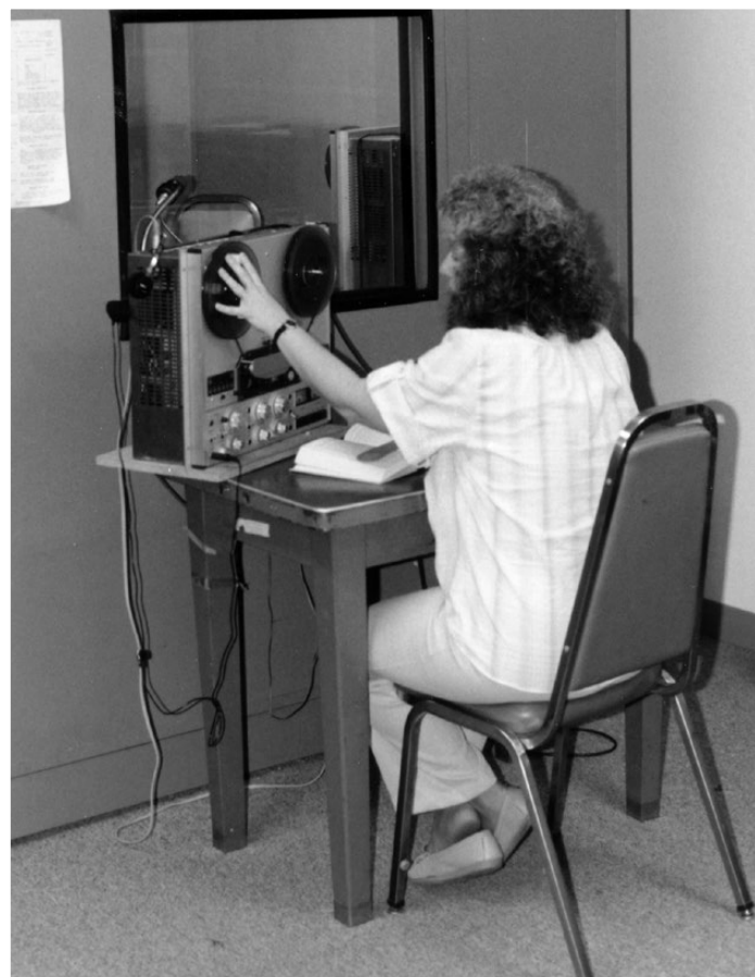
The recording studio, early 1990's
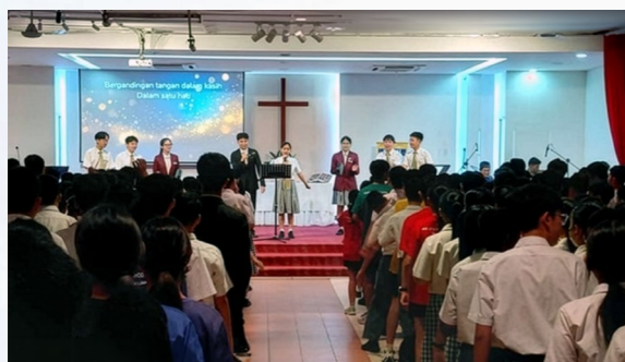
Students leading worship on stage

On 15 January, the community of Wesley Methodist School Kuala Lumpur (Private) gathered in gratitude to dedicate the 2026 academic year to God under the theme “Respect for Life.” The occasion also marked the dedication of enhanced school facilities, a meaningful step forward as the school continues its Methodist education mission grounded in faith, excellence, love, and respect.
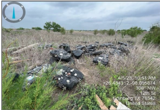
Photograph 9 – View northwest at Unreported Site 1, discarded gas tanks located along 12 th Street.

The following photographs depict the sites that were identified during field investigations but were not listed in the Envirosite Government Records Report. Unreported Site 4, Dallas Petroleum Group Oil and Gas Facility, was not directly investigated in the field due to lack of right-of-entry permissions from the property owners.
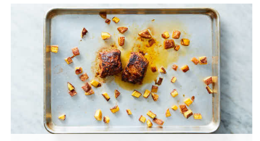
4. Sear & roast pork

On a rimmed baking sheet, toss potatoes with 1 tablespoon oil and a generous pinch of each salt and pepper . Roast on upper oven rack until poatoes are tender and lightly browned, about 12 minutes. Remove from oven and use a spatula to flip potatoes.
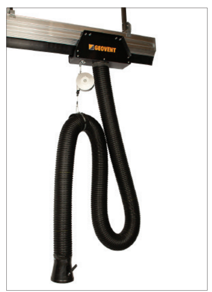
Channel duct type 35
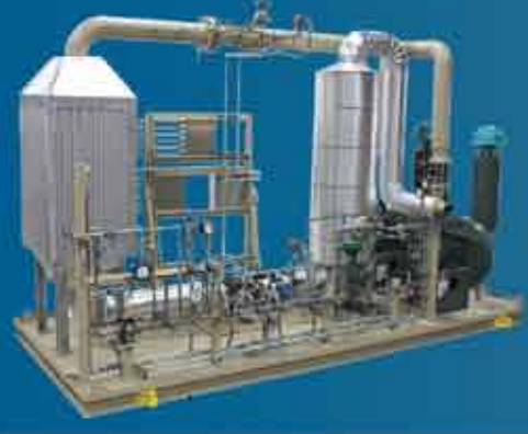
Ammonia Evaporation Skid

========================================================================

— To do —
Among the records above, find the lines that contain "from" and copy every one.

— Exercise result —
The following photographs depict the sites that were identified during field investigations but were not listed in the Envirosite Government Records Report. Unreported Site 4, Dallas Petroleum Group Oil and Gas Facility, was not directly investigated in the field due to lack of right-of-entry permissions from the property owners.
On a rimmed baking sheet, toss potatoes with 1 tablespoon oil and a generous pinch of each salt and pepper . Roast on upper oven rack until poatoes are tender and lightly browned, about 12 minutes. Remove from oven and use a spatula to flip potatoes.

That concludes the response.